For reference, it took a solid 15 minutes to generate a ~500 token response to a 32k prompt on a pair of P40s. Possibly still worthwhile in some situations, if the output was usable.
@Yhyu13 There's this pull to allow quantizing the KV cache to Q8_0 (8bit): https://github.com/ggerganov/llama.cpp/pull/2969
However, it was a big, complicated pull and touched a lot of other stuff.
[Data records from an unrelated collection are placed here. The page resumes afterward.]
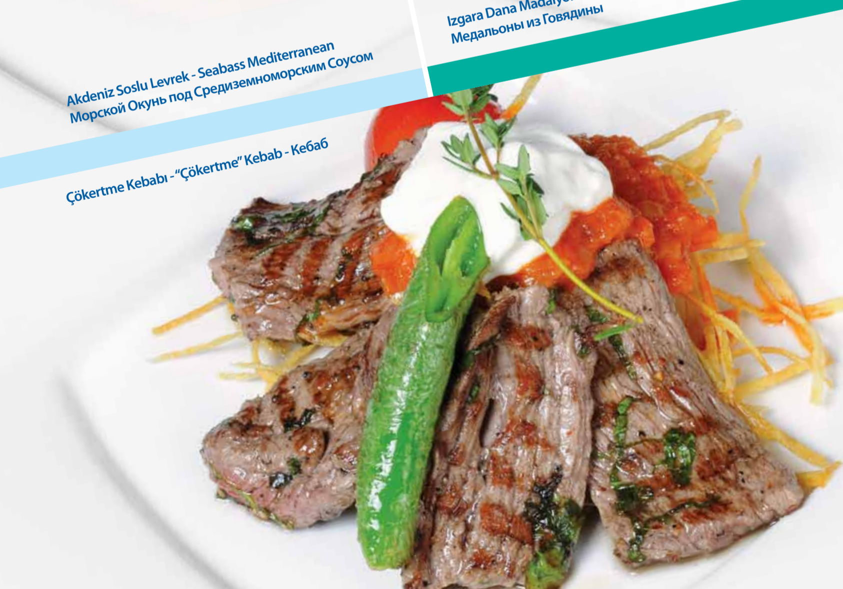
Çökertme Kebabı - "Çökertme" Kebab - Кебаб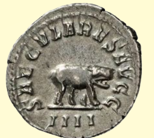
Kr. u. 248-ban Philippus Arabs császár hatalmas ünnepségsorozatot rendezett Róma fennállásának 1000. évfordulója tiszteletére. A császár pénzérméire is rátették az amfiteátrumi küzdelmekben felvonultatott állatokat.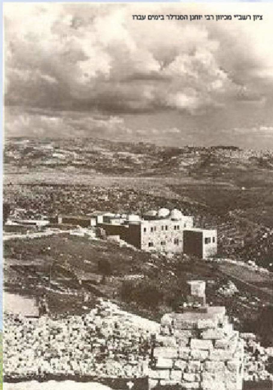
ציון רשב"י מכיוון רבי יוחנן הסנדלר בימים עברו

כי לא ישקוט עד שיגמור הדבר בשלמות, חוזר ומתגלה בצלמם ודמותם של גדולי הצדיקים יחיד הדורות, המשליכים נפשם מנגד ומבקשים ומחפשים את בת המלך, שכבת עזו יתברך. יקום נצח קרבין דהא ברטא ומלכא דילך איהי (זהר ח"ט ספרא תנינא).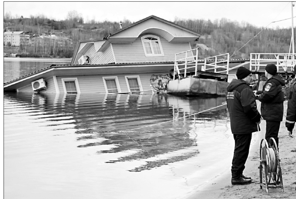
На плѣсской набережной затонул дебаркадер с дачным домиком "Мой причал".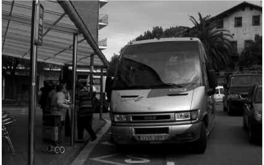
ASTELEHEN HONETAN JARRI ZEN MARTXAN BUS ZERBITZU BERRIA. IRUDIAN, LEHEN BIDAIRIAK.

Ordu hauetan abiatuko da bus zerbitzu berria Bordatxo paretik: 7:15, 8:15, 9:15, 10:15, 11:30, 12:30, 13:30, 14:30, 15:30, 16:30, 17:45, 18:45, 19:45, 20:45. Zubietara hamar minutuko tartean ailegatuko da eta ibilbidearen amaierara, ospitaleetara

It hasn't been updated in some time, so I think the author may have given up on it. 4bit would probably have a pretty noticeable effect on quality.
@KerfuffleV2 LMDeploy has actually successfully deploy a KV int8 PTQ method here https://github.com/yhyu13/lmdeploy/blob/main/docs/en/kv_int8.md.
BTW, I found two papers presented by Google on using multi-query attention instead of multi-head attention to reduce mem requirment for attentioin kv cache
https://arxiv.org/pdf/2211.05102.pdf
https://ar5iv.labs.arxiv.org/html/2305.13245
Not sure if any of the open-source model severing platform has adapt to those
Moreover, Flash-attention is method to drop multi-head attention mem scaling from quadratic to linear https://huggingface.co/blog/optimize-llm, but forgive my ignorance, I haven't found any clue that flash-attention would work with attention weight quantization
LMDeploy has actually successfully deploy a KV int8 PTQ method here
The problem from the llama.cpp side wasn't that there wasn't an existing 8bit quantization to use or that quality or anything like that, the issue was making it fit in with the rest of the GGML/llama.cpp code. It also can't really borrow directly from projects like what you linked, most of the other stuff is written in Python while llama.cpp is... written in C++/C.
I found two papers presented by Google on using multi-query attention instead of multi-head attention to reduce mem requirment for attentioin kv cache
llama.cpp already uses that as far as I know, at least for 70B LLaMAv2 models.
I haven't found any clue that flash-attention would work with attention weight quantization
I think it's an approach to dealing with attention and doesn't really care about the exact format of the KV cache. So I think it could work whether the KV cache was f32, f16, or a quantized format.